A total of 74 AGA infants, born at Keimyung University Dongsan Medical Center, Daegu, South Korea, were enrolled in this study. In all enrolled infants, initial resuscitation practices followed the most recent guideline, which was updated in 2010 by the International Liaison Committee on Resuscitation and the American Heart Association²⁰⁾. Perinatal asphyxia was defined as a 5-minute Apgar score ≤5. Three infants with perinatal asphyxia were excluded.

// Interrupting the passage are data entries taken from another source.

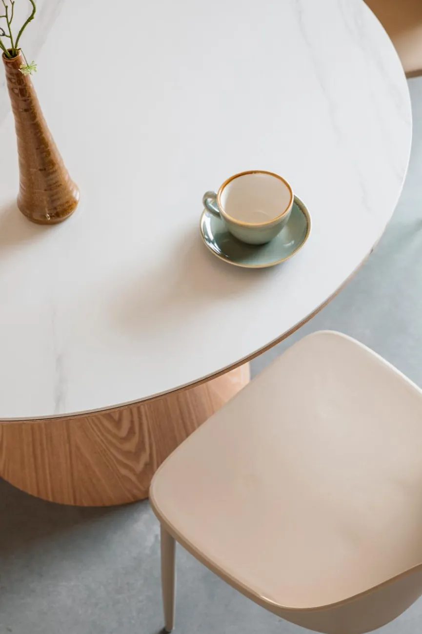 Ein zylinderförmiges Gestell in attraktiver Eiche-Optik verleiht dem Esstisch Almira der Marke Zuiver echte Blickfängerqualität. Auch dank der ansprechend gestalteten, formschönen Platte ist der Esszimmertisch eine echte Zierde für Ihr Zuhause. Natürlich kann der erstklassig gefertigte Esstisch Almira zudem in Sachen Qualität auf ganzer Linie überzeugen.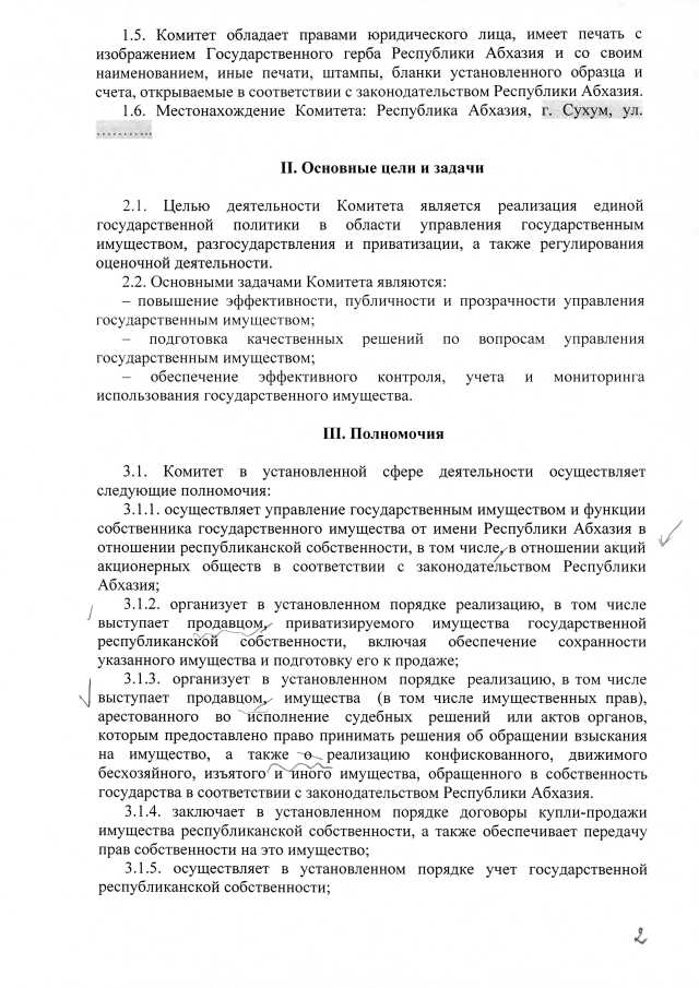 Постановление Кабинета Министров Республики Абхазия от 28.02.2019 №31 "Об утверждении Положения о Государственном комитете Республики Абхазия по управлению государственным имуществом и приватизации"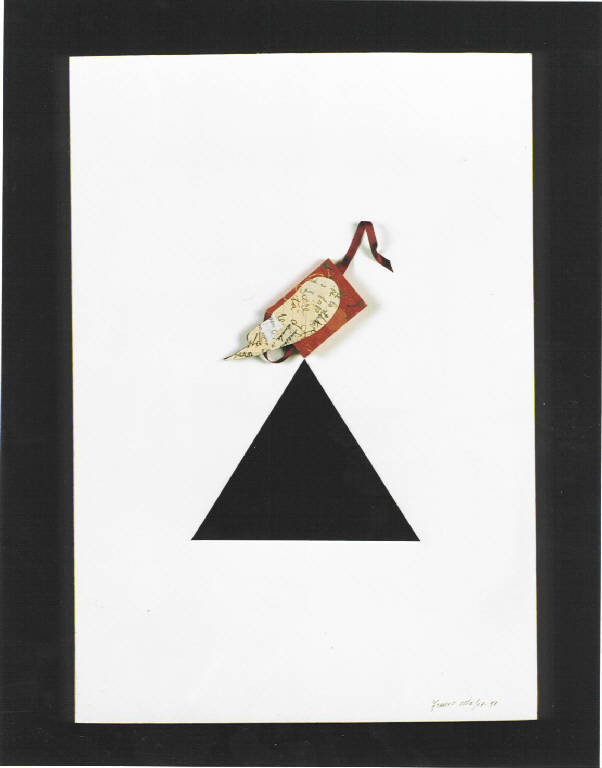 Al centro dello spazio bianco c'è un triangolo equilatero nero con libriccino alato al vertice superiore. Colore caldo (rosso). Vi sono alcuni segni scrittura manuali, sparpagliati.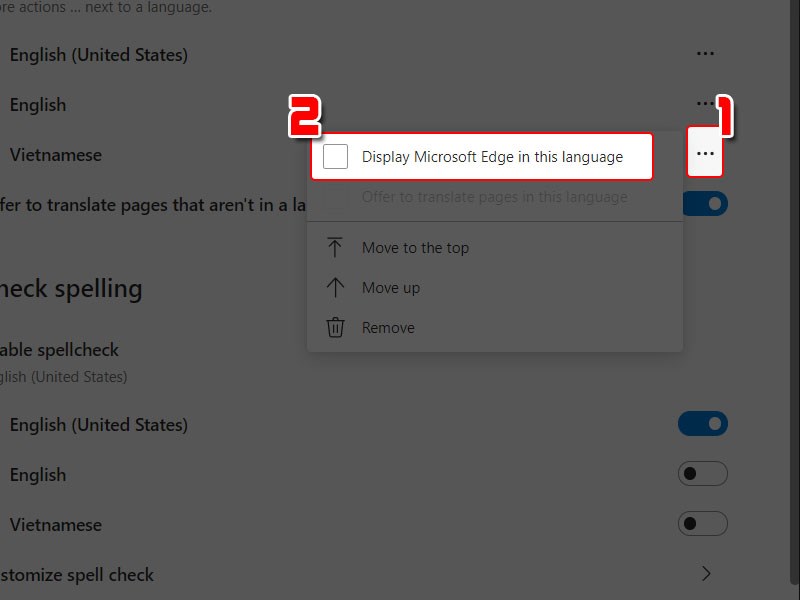 - Bước 6: Nhấn vào biểu tượng 3 dấu chấm rồi chọn Display Microsoft Edge in this language (Hiển thị Microsoft Edge bằng ngôn ngữ này).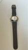 It features a slightly aged dial with gold and red indices, and gold-colored hour and minute hands.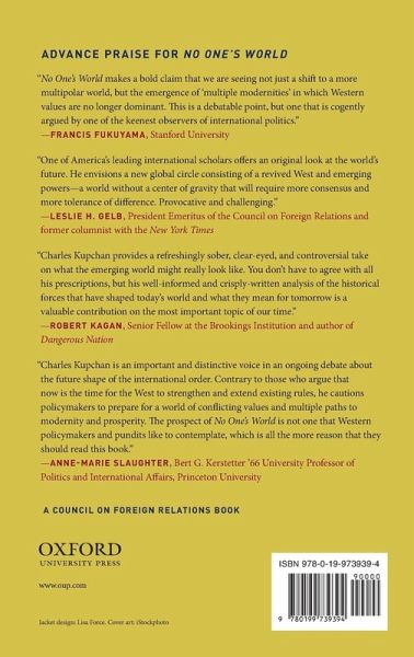 In No One's World, Charles A. Kupchan boldly challenges this view, arguing that the world is headed for political and ideological diversity; emerging powers will neither defer to the West's lead nor converge toward the Western way. The ascent of the West was the product of social and economic conditions unique to Europe and the United States. As other regions now rise, they are following their own paths to modernity and embracing their own conceptions of domestic and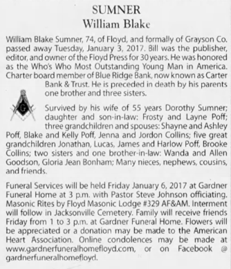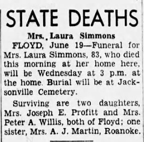 until 8 p.m. Gardner Funeral Home, Floyd, is in charge of the arrangements.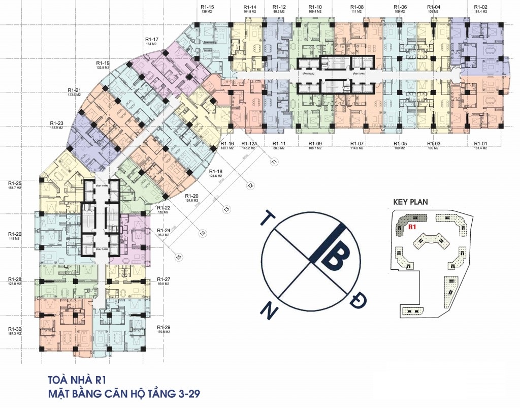 Mặt bằng căn hộ Royal City - Tòa R1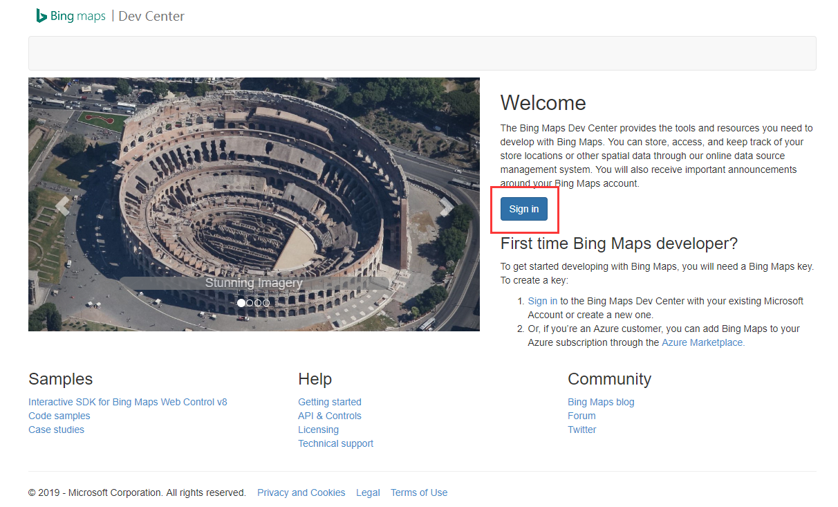 2.注册完成后,打开这个链接:www.bingmapsportal.com并选“sign in”登录Microsoft帐号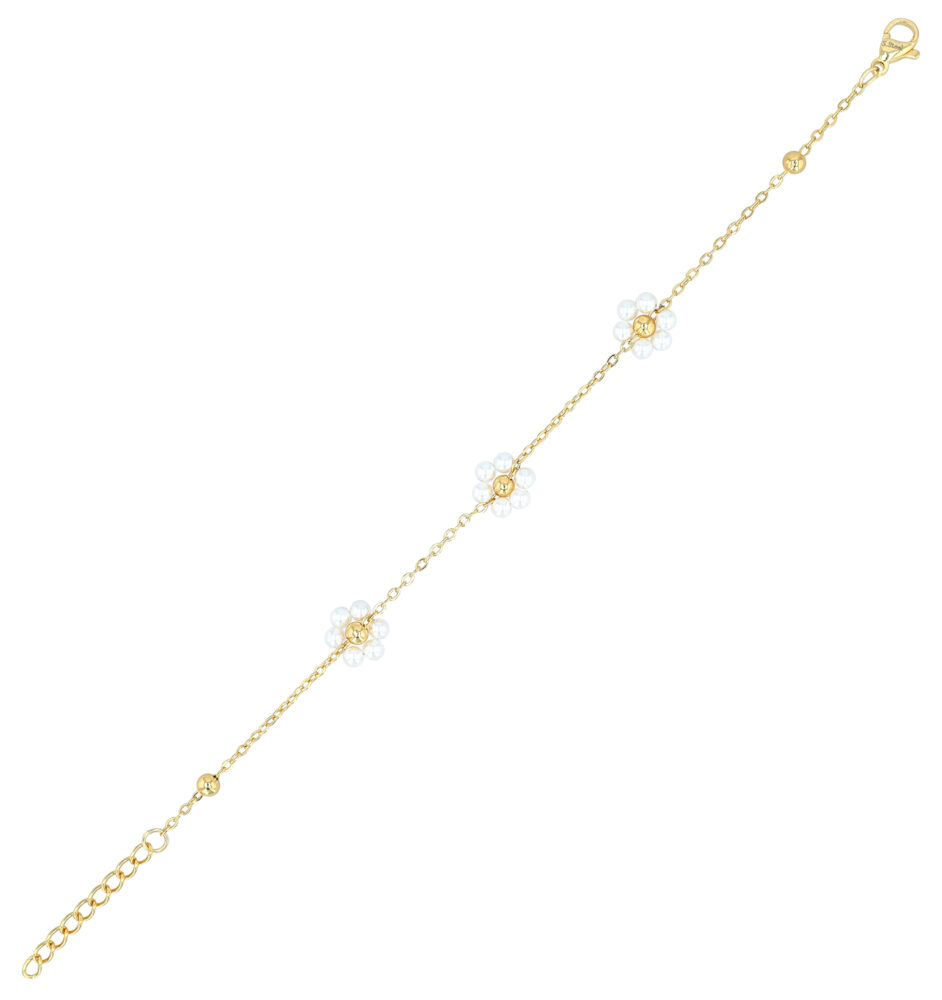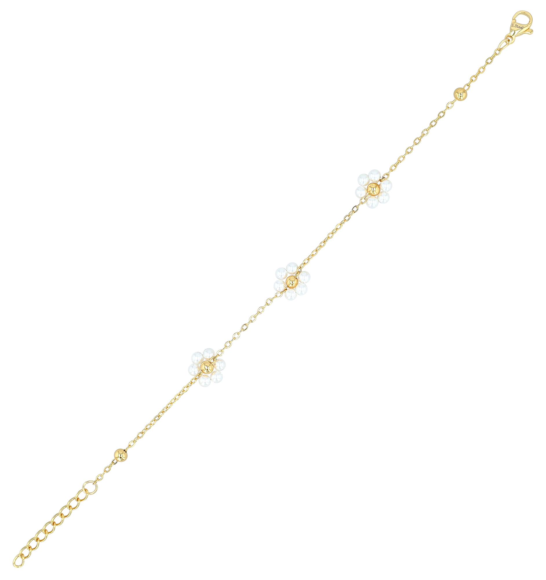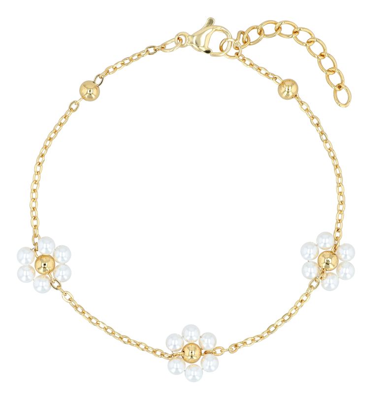 O diferencial da pulseira são as três pequenas flores artísticas (10 mm de diâmetro) distribuídas uniformemente ao longo de seu comprimento. Cada flor é composta por delicadas contas de vidro e uma esfera de aço inoxidável. Esses elementos intrincados criam um brilho sutil e encantador no seu pulso.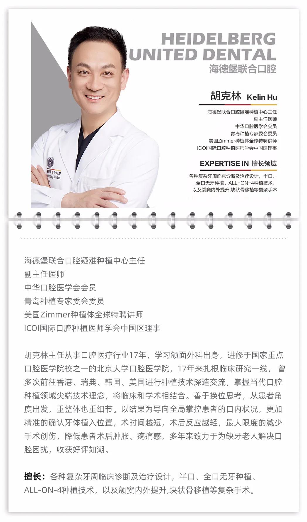 从业口腔医疗行业17年来,海德堡联合口腔疑难种植中心胡克林主任累计种植数量超2万颗,all-on种植病例累计400例,作为国内最早一批系统研究种植牙的医生,他的种植案例数量也是最多的。

There were no infants whose mothers receiving intravenous dextrose during delivery. Infants were screened for capillary glucose levels by the reagent strips method within the first 60 minutes of life, before exogenous glucose infusion such as enteral feeding or intravenous dextrose injection. Postnatal hypoglycemia was defined as a capillary glucose level <40 mg/dL, regardless of GA. All infants who developed postnatal hypoglycemia were administrated an intravenous glucose infusion (bolus of 2 mL/kg 10% dextrose, and continuous glucose infusion at 4–7 mg/kg/min). Two infants with persistent hypoglycemia were excluded.

Sixty-nine infants were stratified according to GA: GA 23–30 weeks, early preterm (EP, n=31); GA 31–34 weeks, late preterm (LP, n=38).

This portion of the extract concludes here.